Digression isn't always wrong in a college admissions essay. Sometimes a colorful aside or anecdote can help engage the reader and enhance the reading experience. However, digression adds little to an essay other than extraneous words in many cases.  Make sure the deviation serves a legitimate purpose in your essay, whenever you deviate from your main point. Be careful to avoid overusing flowery language when writing your admissions essay. Too many adjectives and adverbs can ruin the reading experience. Several of the later tips in this article are about using strong verbs. Read them. Strong verbs, not adjectives and adverbs, are what will make your admissions essay come to life.  The admissions folks will quickly feel like they are in the presence of an immature writer who is trying too hard to impress them when an essay has two or three adjectives or adverbs in every sentence. The majority of adjectives and adverbs (especially adverbs) can be cut if the verbs (the action words) of the passage are chosen well. The revision focuses more on making a point, not melodrama.  Think about what you are trying to accomplish with your college admissions essay: you want to grab your readers' attention and keep them engaged. Lots of adjectives and adverbs often make prose seem wordy, fluffy and over-written. Strong verbs animate prose.
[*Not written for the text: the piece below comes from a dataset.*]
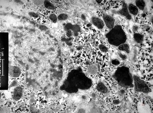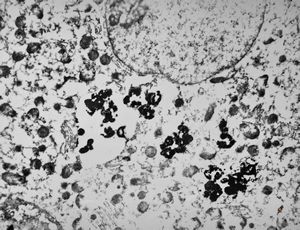 M,1y. | glycogenosis type I.(glycogen dissolved due to UA blockstaining)

More about college easy style tips

 In case the majority of your sentences rely on "to be," however, you're sapping your essay of energy. Every sentence uses the verb "to be." The passage has no grammatical errors, but it flops on the stylistic front. Teaching students to recognize passive voice in their essays is one of the more challenging tasks I've faced as a writing instructor. Passive voice is not a grammatical error, but overuse can lead to essays that are wordy, confusing and unengaging. You need to map out a sentence and identify the subject, verb and object to identify passive voice. The result is a sentence in which the thing performing the action of the sentence is either missing or tacked onto the end of the sentence.   There are even times when you will want to use it and the passive voice again is not a grammatical error. You may want to put it in the subject position in a sentence in case you are trying to emphasize the object of a sentence.  For example, let's say a beautiful 300-year-old tree in your front yard was destroyed by lightning. You probably want to emphasize the tree, not the lightning in case you write about the event. Expletive constructions involve a couple of the stylistic errors outlined in this article -- they are wordy and employ weak verbs. Many (but not all) sentences that begin with "it is," "it was," "there is" or "there are" have expletive constructions. An expletive construction begins with the empty word "there" or "it" (sometimes called a filler subject) in general. In an expletive construction, the word "there" or "it" is not functioning as a pronoun.